Heron straightened up, pulling her gun from the folds of her jacket. “Sorry, boys.” One of them managed to turn around, his eyes wide with shock and confusion; she shot him in the chest and the other three in the back, her silenced pistol making no more noise than a staple gun. Their rifles were leaning against the wall nearby, and she picked one up, checked the chamber, and turned to take aim on the nearest guard. He was looking toward her, diligently concerned with the noises on his roof instead of the spectacle across the way. She dropped him at range with two shots from the rifle, deafening reports that even the distracted soldiers on the other cannons couldn’t ignore. They turned to see what had happened, but Heron was already climbing into the first antiaircraft turret. The crew had glossed over the nitty-gritty details of its operation, but she’d been trained on one of these when she was four months old. A simple joystick steered the thing, and she swung the gun around, not toward the sky but toward the next turret in line. A control pad on her right activated the smart rounds, but she didn’t need them for a stationary target barely twenty yards away. She jammed down the fire button and the entire turret shuddered, the twin barrels thudding in and out as the cannon roared and the turret next to hers exploded in a hail of fire. She kept her finger firm on the trigger, watching dispassionately as the rounds hammered into the cannon, piercing its armor, destroying its insides, and then punching through and flying on toward the next turret, destroying that one in a similar storm of shrieking metal. She ran out of bullets before destroying the final cannon, having no crew to keep her loaded, and jumped out with her stolen rifle. The rooftop was a chaos of smoke and fire, and she ran down the line toward the last target, shooting as she went the three shell-shocked soldiers who’d managed to survive her initial onslaught.
But the last turret was unscathed, and apparently still manned. Its turret swung around and fired back toward her, destroying what was left of the two guns in the middle as well as the turret she had just fired, and Heron dove for cover behind the remains of the third turret. The sound was deafening, and though she covered her ears to protect them, she still felt each shot rippling through the air and numbing her entire body. When the cannon stopped, she felt as shell-shocked as the other soldiers had, and she closed her eyes to calm herself, willing her body to overcome the effects. The world was eerily silent, all sounds replaced by a distant tone that faded in and out. She gritted her teeth, grabbed her rifle, and peeked around the remains of the smoking gun turret. A bullet ricocheted inches from her face, and she ducked back behind. A guard popped up in front of her, and she shot him in a single motion: raising her rifle, sighting along it, and pulling the trigger before lowering the gun back down to her lap. How many more guards were up here? How many soldiers were shooting from the final turret, and how many were tending it?

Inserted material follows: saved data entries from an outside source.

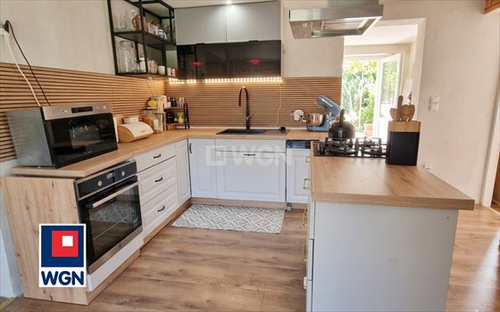 Dom posiada funkcjonalny układ pomieszczeń. Na parterze znajduje się kuchnia z jadalnią, pokój dzienny, sypialnia, łazienka oraz pomieszczenie gospodarcze, w którym zamontowano nowy piec na pellet. Dodatkowym atutem jest wyjście z kuchni bezpośrednio na taras i ogród, co zapewnia wygodę codziennego użytkowania i sprzyja wypoczynkowi na świeżym powietrzu.
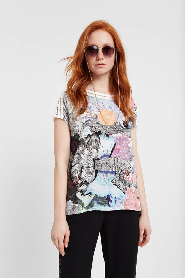 Avec ses imprimés japonais, le t-shirt Desigual nous offre des manches courtes et d'un col rond rehaussés d'insert en crochet.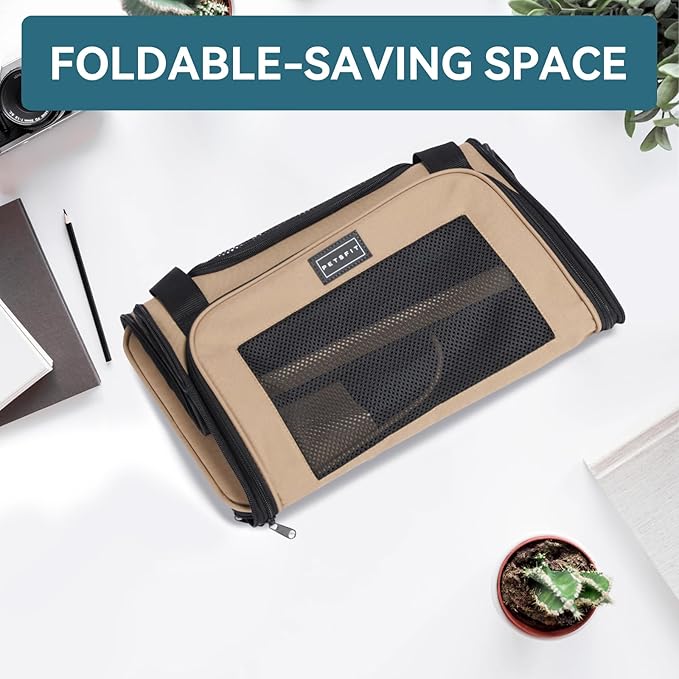PETSFIT Pet Carrier for Cat, Small Dogs, Dog Carrier Airline Approved, TSA Approved Soft Cat Carrier for Travel, Small Animal Carrier for Pets Under 12 Lbs, Khaki

She peeked around again, and again their rifles lit up with muzzle flashes: two shooters, with one manning the cannon and one feeding it ammo. She still couldn’t hear anything. She was presumably safe from the cannon itself, because aiming it low enough to hit her meant putting holes in the roof, and the building was too flimsy to withstand that. Another guard popped up from behind an air-conditioning unit, and she dropped him almost without thinking. If she could see them, she could kill them, but they had her so completely pinned down that she couldn’t see anything near the final turret. She needed a distraction; she reached for her jacket, but it was long gone back by the first turret. She pulled off a nearby soldier’s jacket instead, holding it in her left hand and her rifle in her right. Time to see who has better reflexes.